With that being said, none of us can really delve into the 'whys' for you and if 'why' is very important to you(it personally always has been for me - I never found it enough to merely change how I interact with people but want to know what sets that off to begin with), I think it's good to talk to a therapist where you can have some kind of insight directed therapy rather than something simply structured to change how you interact. Or, a combination.

 

But I suppose I feel that for most people the abuse would completely override any feelings about wanting to see them again.But I suppose I feel that for most people the abuse would completely override any feelings about wanting to see them again.

 

It would, in theory.

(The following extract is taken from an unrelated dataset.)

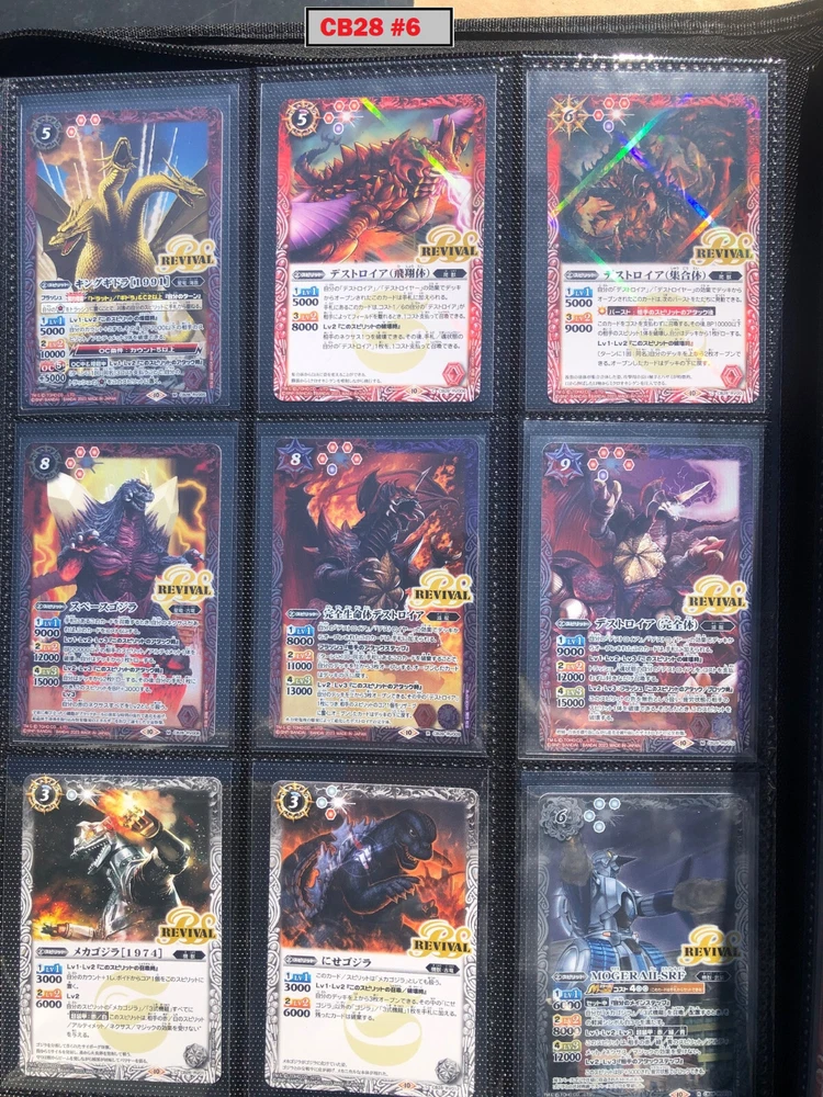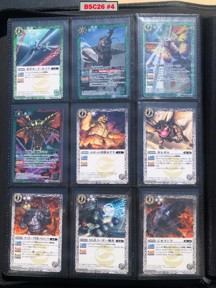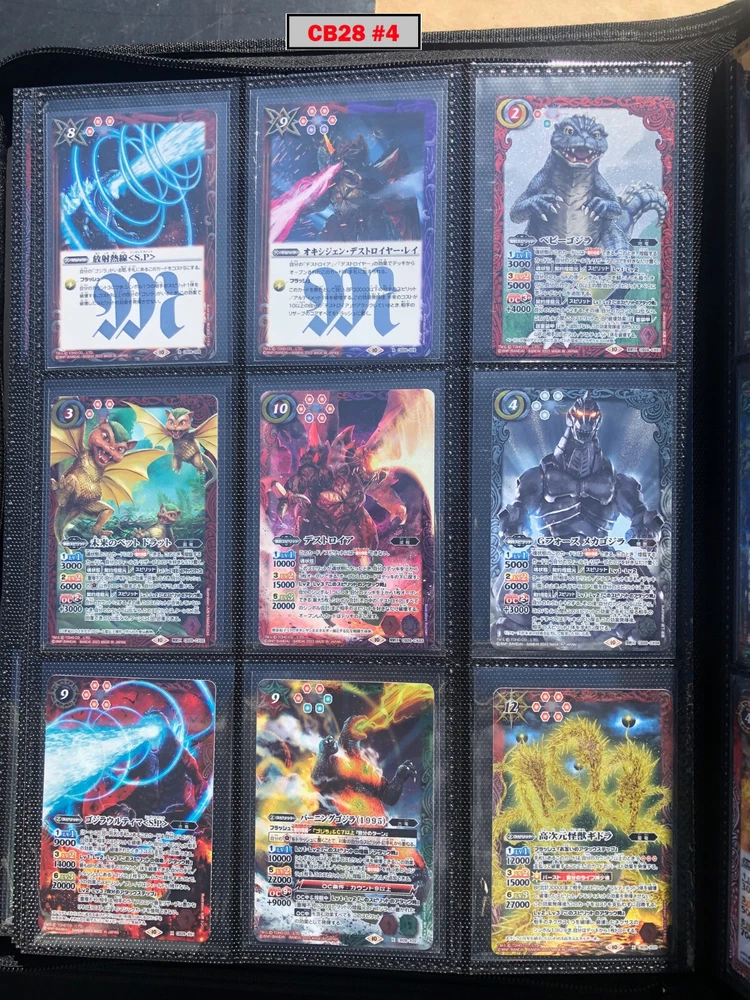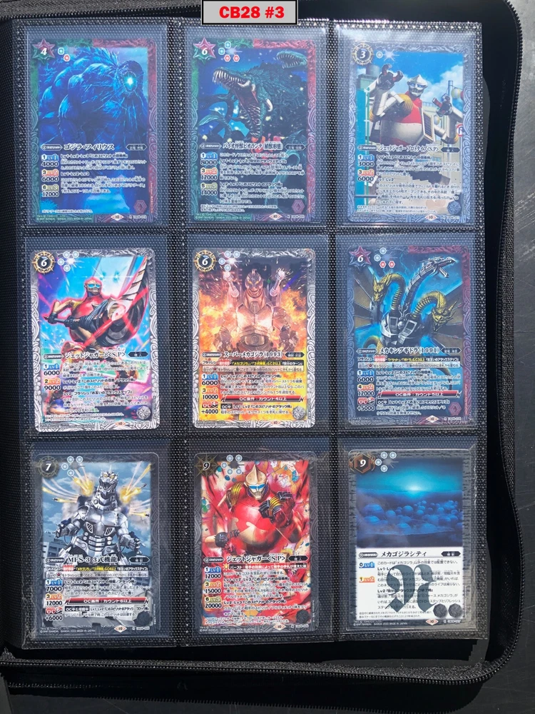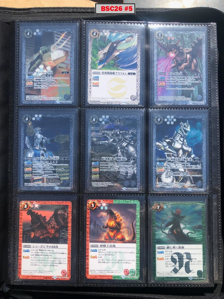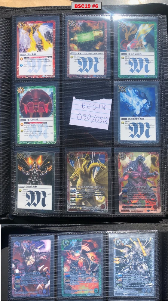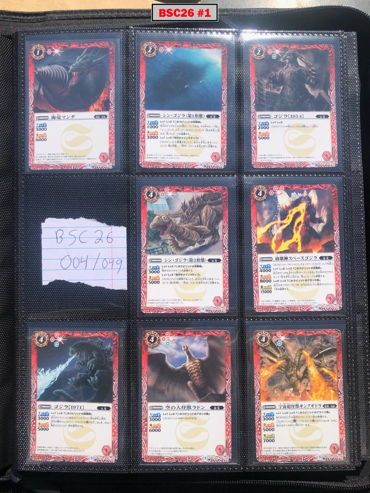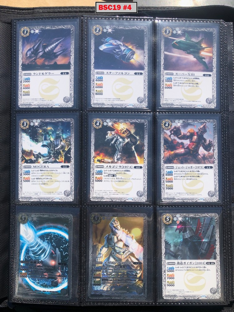 This is a collection of amazing Battle Spirits Japanese Godzilla cards from all 5 Godzilla Japan-only releases. The original set: BSC19 - Toho Kaiju's Great Battle released in 2015. The Kaiju included are from the original Toho Godzilla movies through Godzilla: Final Wars and the Rebirth of Motha trilogy. The follow up: BSC26 - Roar of the King of Kaiju released in 2016. The Kaiju in this release are from the Toho Godzilla films through Shin Godzilla, War of the Gargantua, Manango, Orochi and The Mysterians. A small set within a set: LM18G - Kaiju King Premium Card Set released 2018. This small set is 7 Godzilla cards. The fourth set: PB02 - Destroy All Toho Kaiju released 2019. This small set includes Kaiju from the Toho Godzilla films through Shin Godzilla. The final, most recent and largest by far: CB28 - Godzilla - Return of the Kaiju King released 2023. The Kaiju in this release are from the Toho Godzilla films through Shin Godzilla and the Netflix shows Godzilla: Singularity Point and the Anime Trilogy that started with Godzilla: Planet of the Monsters. This collection is nearly complete, including 200 of 213 cards in total. All the cards are in near-Mint condition. Its the perfect addition to any Godzilla fans collection. Free US Shipping Below is a summary of what is included in each set and below that is a detailed breakdown of what's included: Set Category Included Set Total CB28 Collaboration Booster: Godzilla - Return of the Kaiju King 73 74 BSC19 Collaboration Booster: Toho Kaiju's Great Battle 53 57 BSC26 Collaboration Booster: Roar of the King of Kaiju 56 57 PB02 Collaboration Starter: Destroy All Toho Kaiju 13 18 LM18G Battle Spirits Kaiju King Premium Card Set 5 7 BSC19 - Collaboration Booster: Toho Kaiju's Great Battle (Released 2015) The set has a total of 57 New cards (18 Commons, 15 Uncommons, 12 Rares, 7 Master Rares, and 5 X-Rares.) Included Card # Name Type Rarity Yes BSC19-001 Destoroyah (Juvenile Form) Standard Common Yes BSC19-002 Ebirah [2004] Standard Rare Yes BSC19-003 Minilla [2004] Standard Common Yes BSC19-004 Anguirus [2004] Standard Rare Yes BSC19-005 Little Godzilla Standard Common Yes BSC19-006 Baragon Standard Common Yes BSC19-007 Dorat Standard Common Yes BSC19-008 Rodan [2004] Standard Uncommon Yes BSC19-009 Monster X Standard Uncommon Yes BSC19-010 Gigan [2004] Standard Uncommon Yes BSC19-011 Godzilla Junior Standard Common Yes BSC19-012 Destoroyah (Aggregate Form) Standard Uncommon Yes BSC19-013 Fire Rodan Standard Master Rare Yes BSC19-014 Thousand Year Dragon King Ghidorah Standard Rare Yes BSC19-015 Keizer Ghidorah Standard Master Rare Yes BSC19-016 Orga Standard Master Rare Yes BSC19-017 Fairy Mothra Standard Common Yes BSC19-018 Kamacuras [2004] Standard Common Yes BSC19-019 Mothra (Larva Form) [1992] Standard Common Yes BSC19-020 King Caesar [2004] Standard Common MISSING BSC19-021 Megaguirus Standard Master Rare Yes BSC19-022 Biollante (Flower Beast Form) Standard Rare Yes BSC19-023 Mothra Standard Uncommon Yes BSC19-024 Biollante (Plant Beast Form) Standard Master Rare Yes BSC19-025 Armor Mothra Standard Master Rare Yes BSC19-026 Battra (Larva Form) Standard Common Yes BSC19-027 Battra Standard Master Rare Yes BSC19-028 Land Moguera Standard Common Yes BSC19-029 Star Falcon Standard Common Yes BSC19-030 Super X3 Standard Uncommon Yes BSC19-031 MOGUERA Standard Common Yes BSC19-032 MechaGodzilla [1974] Standard Common Yes BSC19-033 Jet Jaguar [1973] Standard Uncommon Yes BSC19-034 New Gotengo Standard Rare Yes BSC19-035 MechaGodzilla [1993] Standard Rare Yes BSC19-036 Modified Gigan [2004] Standard Uncommon Yes BSC19-037 Type-3 Kiryu Standard Master Rare Yes BSC19-038 Mecha-King Ghidorah Standard Rare Yes BSC19-039 Garuda Standard Common MISSING BSC19-040 The Crystal Zone Standard Common Yes BSC19-041 Planet Gorath Standard Uncommon Yes BSC19-042 The Time of Awakening Standard Uncommon Yes BSC19-043 The Infant Island Standard Common MISSING BSC19-044 The MechaGodzilla Hangar Standard Uncommon Yes BSC19-045 The G Summit Standard Common Yes BSC19-046 Gravity Beam Standard Uncommon Yes BSC19-047 Oxygen Destroyer Standard Rare Yes BSC19-048 Mothra's Emergence Standard Rare Yes BSC19-049 Mothra's Song Standard Uncommon MISSING BSC19-050 Shintoshin Collapse Standard Uncommon Yes BSC19-051 Type-3 Absolute Zero Cannon Standard Rare Yes BSC19-052 All Arms Attack Standard Rare Yes BSC19-X01 King Ghidorah [1991] Standard X-Rare Yes BSC19-X02 Space Godzilla Standard X-Rare Yes BSC19-X03 Destoroyah (Final Form) Standard X-Rare Yes BSC19-X04 Mothra [1992] Standard X-Rare Yes BSC19-X05 Modified Type-3 Kiryu Standard X-Rare BSC26 - Collaboration Booster: Roar of the King of Kaiju (Released 2016) The set has a total of 54 New + 3 Reprint cards (31 Commons, 2 Uncommons, 12 Rares, 7 Master Rares, and 5 X-Rares.) Included Card # Name Type Rarity Yes BSC26-001 The SeaDragon Manda Standard Common Yes BSC26-002 Shin-Godzilla (First Form) Standard Common Yes BSC26-003 Godzilla [1954] Standard Common MISSING BSC26-004 Godzilla [1965] Standard Rare Yes BSC26-005 Shin-Godzilla (Second Form) Standard Common Yes BSC26-006 The God of Destruction Space Godzilla Standard Common Yes BSC26-007 Godzilla [1971] Standard Common Yes BSC26-008 The Sky Giant Kaiju Rodan Standard Common Yes BSC26-009 The Space Super Kaiju King Ghidorah Standard Common Yes BSC26-010 The Kaiju King Godzilla [2000] Standard Rare Yes BSC26-011 Destoroyah (Flying Form) Standard Common Yes BSC26-012 Shin-Godzilla (Third Form) Standard Rare Yes BSC26-013 The Demonic Aqua Beast Dagahra Standard Common Yes BSC26-014 The Space Super Demonic Beast Desghidorah Standard Rare Yes BSC26-015 Godzilla [1989] Standard Rare Yes BSC26-016 The Demon King Yamata-no-Orochi Standard Master Rare Yes BSC26-017 The Smog Kaiju Hedorah Standard Rare Yes BSC26-018 The Complete Lifeform Destoroyah Standard Master Rare Yes BSC26-019 The Cyborg Kaiju Gigan Standard Master Rare Yes BSC26-020 Matango Standard Common Yes BSC26-021

I can easily say right now that I would be appalled by abusive treatment but if I was in the thick of it, where I'd been conditioned TO receive such treatment through childhood and specific relationships, it would be a different story.

 

If you have disordered parents, growing up in that sort of environment has certainly affected your definitions of 'normal' and acceptable treatment. People who abuse us can wield a particular sort of power and familiarity - Even when you are repulsed by it - That keeps you strongly attached to them(which is, well...their goal). The good part here is that you are intellectually aware that this is not ok stuff and you don't want it, but emotionally you feel differently. The goal is to connect the two. I don't think just working on boundaries is going to be helpful for you when you've got an undeniable attraction. Yes, it will help steer you away from unhealthy situations but you will still be left with all these questions and such. So I think maybe, you might want to try a different kind of therapy.